Records from a collection
<<<<

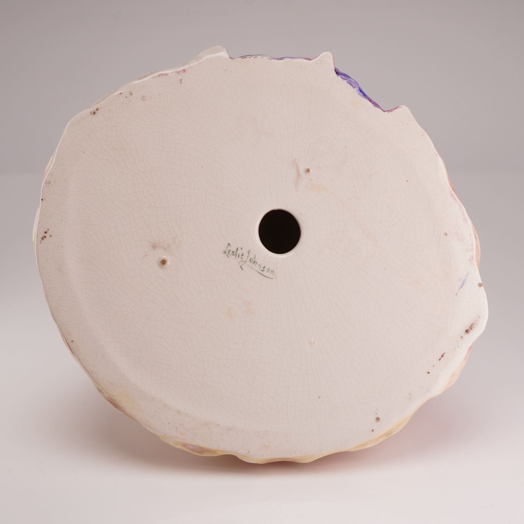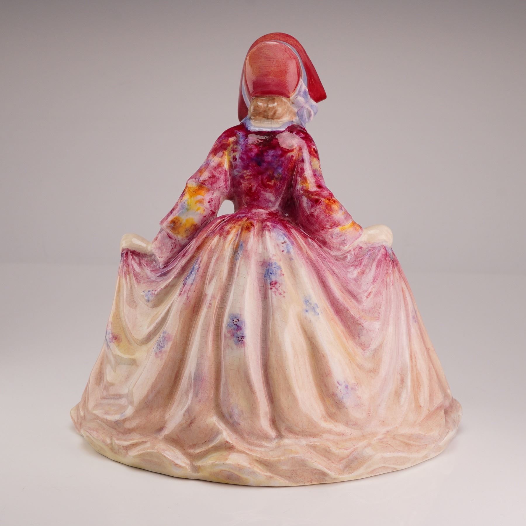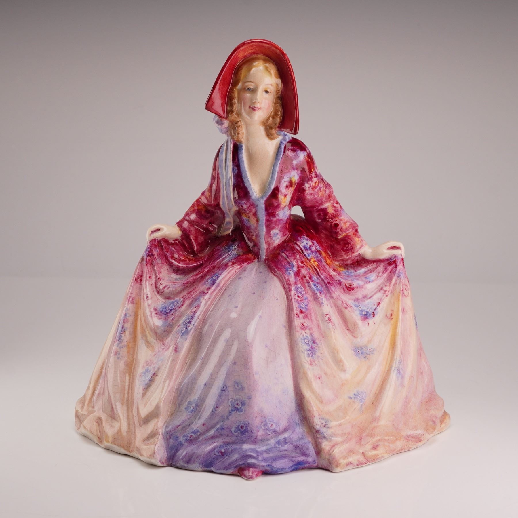 Leslie Johnson's tenure at Royal Doulton spanned one of the most creative eras in the pottery industry. Active mainly from 1900 to 1920, he focused on hand-painted porcelain plaques and decorative figures, demonstrating remarkable skill in capturing Edwardian refinement. This figure is dressed in a wide-skirted gown with long sleeves and a striking red hood. The decoration is rendered in a painterly style using a palette of magenta, lavender, and pale yellow, accented with delicate floral motifs. The figure is depicted gently lifting the hem of her skirt. Crafted from glazed porcelain or ceramic with a high-gloss finish, the piece has an unglazed base bearing Leslie Johnson's hand-painted signature in green script.
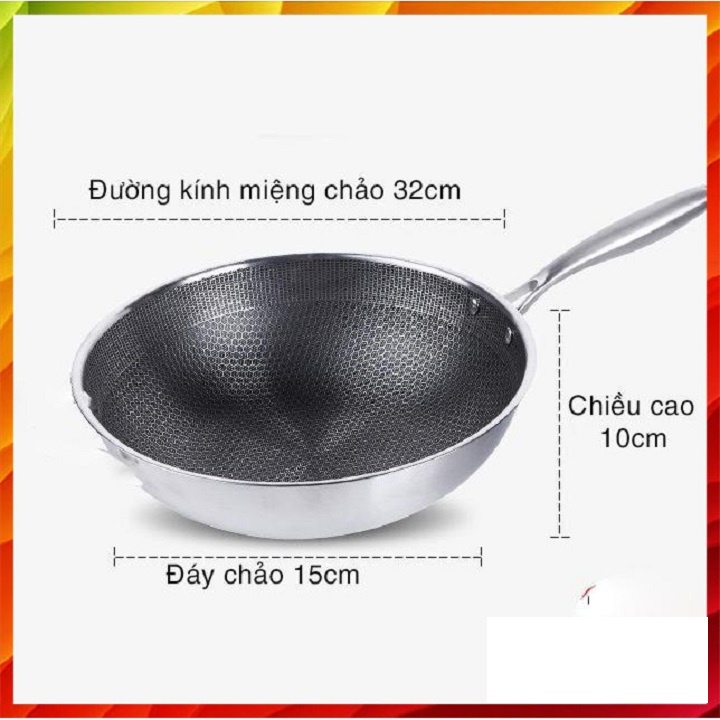 Chảo siêu chống dính sâu lòng lưới tổ ong 32cmChảo xào 32cm cỡ lớn hợp với mọi nhà, phù hợp để chiên ngập dầu, xào các món ăn thường ngày.
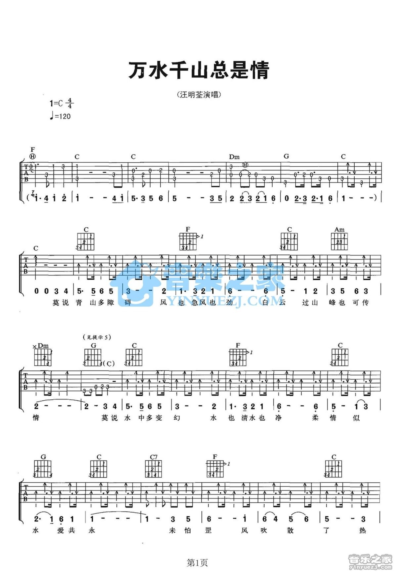 曲谱介绍: C调版《王水千山总是情》吉他弹唱六线谱
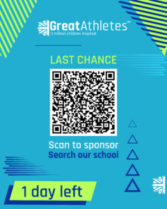 Today is the last day to raise money for the sponsored Great Athletes visit from [athlete name]! Please make sure any cash is brought into school by the end of the day along with your child’s sponsorship form, or donate via the online fundraising page.
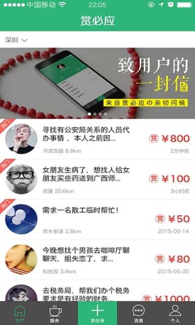 赏必应,一款手机上的生活服务类应用,通过这个软件,你可以悬赏找人办事,或者赚赚外快什么的,非常方便。

>>>>

§ **What the task asks**: Copy exactly the lines from the one containing "Today is the" through the last line of the records above, including both, and omit every picture.

§ **Task result**:
 Today is the last day to raise money for the sponsored Great Athletes visit from [athlete name]! Please make sure any cash is brought into school by the end of the day along with your child’s sponsorship form, or donate via the online fundraising page.
 赏必应,一款手机上的生活服务类应用,通过这个软件,你可以悬赏找人办事,或者赚赚外快什么的,非常方便。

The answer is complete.